Si ma visibilité de sportive de haut niveau peut aider les malades de la lèpre et faire connaître les actions de la Fondation pour soigner et aider ces personnes, c’est avec plaisir. »

Après ses accidents, Alexandra Saint-Pierre s’est reconstruite physiquement et mentalement grâce au « ping », comme elle aime à appeler son sport de prédilection. ©Emmanuelle Lemercier

Les malades de la lèpre, comme les personnes en situation de handicap peuvent souffrir de certains regards. Comment vous-même, avez-vous su les dépasser ?

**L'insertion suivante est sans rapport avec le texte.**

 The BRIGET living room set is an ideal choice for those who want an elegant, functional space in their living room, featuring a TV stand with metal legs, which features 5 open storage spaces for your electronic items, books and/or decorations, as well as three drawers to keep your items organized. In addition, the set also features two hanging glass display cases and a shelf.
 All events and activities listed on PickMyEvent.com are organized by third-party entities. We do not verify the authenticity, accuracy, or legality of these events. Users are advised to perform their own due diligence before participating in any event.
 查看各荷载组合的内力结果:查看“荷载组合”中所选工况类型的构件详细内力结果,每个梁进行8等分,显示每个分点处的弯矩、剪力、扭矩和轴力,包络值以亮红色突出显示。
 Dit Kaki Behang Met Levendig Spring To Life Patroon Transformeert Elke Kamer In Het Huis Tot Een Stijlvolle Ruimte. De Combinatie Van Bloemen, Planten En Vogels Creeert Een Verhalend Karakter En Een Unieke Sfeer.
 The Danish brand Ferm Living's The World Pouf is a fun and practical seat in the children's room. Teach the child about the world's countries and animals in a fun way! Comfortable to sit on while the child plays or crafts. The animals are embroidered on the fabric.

Alexandra Saint-Pierre : « Après mon accident, j’ai eu beaucoup de mal à accepter mon handicap. Or quand on n’accepte pas son handicap, cela rend très compliqué aussi d’accueillir le regard des autres. Progressivement j’ai compris que j’étais normale, avec un fauteuil roulant. J’aime faire de la sensibilisation auprès des enfants et des jeunes, pour faire changer les regards. Le sport aide beaucoup aussi : c’est l’un des rares endroits qui rassemble une grande diversité de personnes, c’est un très bon outil d’inclusion.

Les malades de la lèpre eux aussi souffrent du regard des autres. Pourtant, ce sont des personnes normales, ils ont juste été marqués par une maladie. Si on sensibilise les personnes autour d’eux, leur famille, leur communauté, cela peut les aider à se réinsérer, à exercer un travail ou aller à l’école, et à retrouver une certaine autonomie.

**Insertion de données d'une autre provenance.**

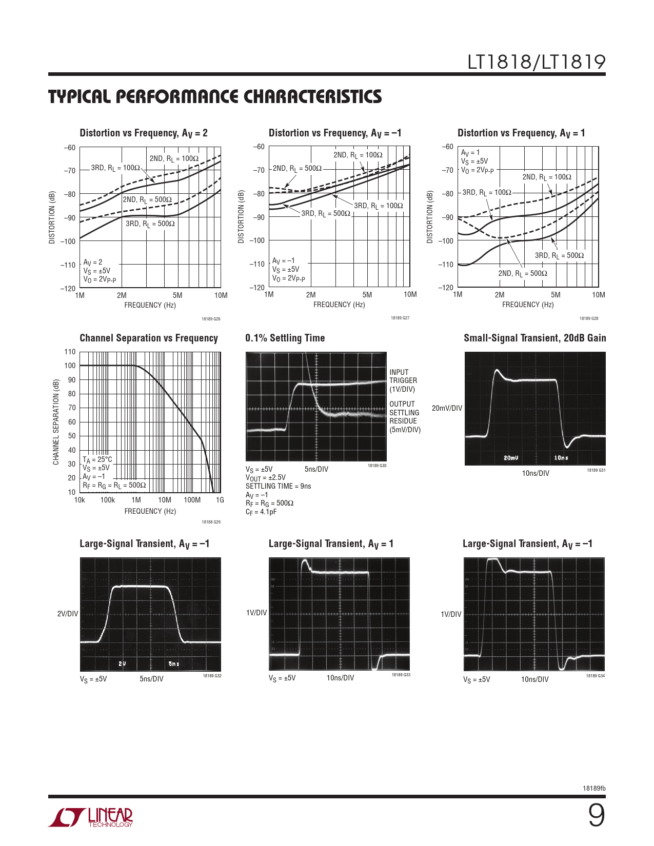 LT1818/LT1819 TYPICAL PERFORMANCE CHARACTERISTICSDistortion vs Frequency, A V = 2Distortion vs Frequency, A V = –1Distortion vs Frequency, A V = 1 –60 –60 –60 AV = 1 2ND, R 2ND, RL = 100Ω L = 100Ω VS = ±5V –70 3RD, RL = 100Ω –70 2ND, RL = 500Ω –70 VO = 2VP-P 2ND, RL = 100Ω –80 –80 –80 3RD, RL = 100Ω 2ND, RL = 500Ω 3RD, RL = 100Ω 3RD, R –90 –90 L = 500Ω –90 3RD, RL = 500Ω DISTORTION (dB) –100 DISTORTION (dB) –100 DISTORTION (dB) –100 3RD, R A L = 500Ω –110 AV = 2 –110 V = –1 –110 V V S = ±5V S = ±5V 2ND, RL = 500Ω V V O = 2VP-P O = 2VP-P –120 –120 –120 1M 2M 5M 10M 1M 2M 5M 10M 1M 2M 5M 10M FREQUENCY (Hz) FREQUENCY (Hz) FREQUENCY (Hz) 18189 G26 18189 G27 18189 G28 Channel Separation vs Frequency0.1% Settling TimeSmall-Signal Transient, 20dB Gain 110 100 INPUT 90 TRIGGER (1V/DIV) 80 OUTPUT 70 20mV/DIV SETTLING 60 RESIDUE (5mV/DIV) 50 40 CHANNEL SEPARATION (dB) T 30 A = 25°C V 18189 G30 S = ±5V VS = ±5V 5ns/DIV 18189 G31 10ns/DIV 20 AV = –1 VOUT = ±2.5V RF = RG = RL = 500Ω SETTLING TIME = 9ns 10 A 10k 100k 1M 10M 100M 1G V = –1 RF = RG = 500Ω FREQUENCY (Hz) CF = 4.1pF 18188 G29 Large-Signal Transient, A V = –1Large-Signal Transient, A V = 1Large-Signal Transient, A V = –1 2V/DIV 1V/DIV 1V/DIV 18189 G32 18189 G33 V 5ns/DIV 18189 G34 S = ±5V V 10ns/DIV S = ±5V V 10ns/DIV S = ±5V 18189fb 9 Document Outline FEATURES DESCRIPTION APPLICATIONS TYPICAL APPLICATION ABSOLUTE MAXIMUM RATINGS PIN CONFIGURATION ORDER INFORMATION E LECTRICAL CHARACTERISTICS TYPICAL PERFORMANCE CHARACTERISTICS APPLICATIONS INFORMATION TYPICAL APPLICATION SIMPLIFIED SCHEMATIC PACKAGE DESCRIPTION REVISION HISTORY TYPICAL APPLICATION RELATED PARTS

Souvent dans le regard des personnes, on voit la peur de la différence. Comme chez les personnes qui portent des séquelles de la lèpre, mon handicap est visible. Il faut se rappeler que les regards peuvent être difficiles aussi pour les personnes en situation de handicap invisible, et il y a autant de handicaps que de personnes portant des handicaps. Il faut travailler à changer les regards dans la société, en informant et en expliquant qu’on n’est pas handicapé, on est en situation de handicap dans telle ou telle situation.

L’humour aide aussi à faire tomber des barrières : les personnes sont intriguées en nous voyant rire, et viennent plus facilement nous poser des questions. Les regards changent. »

 

 

Après les Jeux Paralympiques de Paris, la pongiste au regard vif et au grand cœur s’accordera quelques mois de pause bien mérités, avant d’entamer des études d’ergothérapie pour « à [son] tour aider les autres ».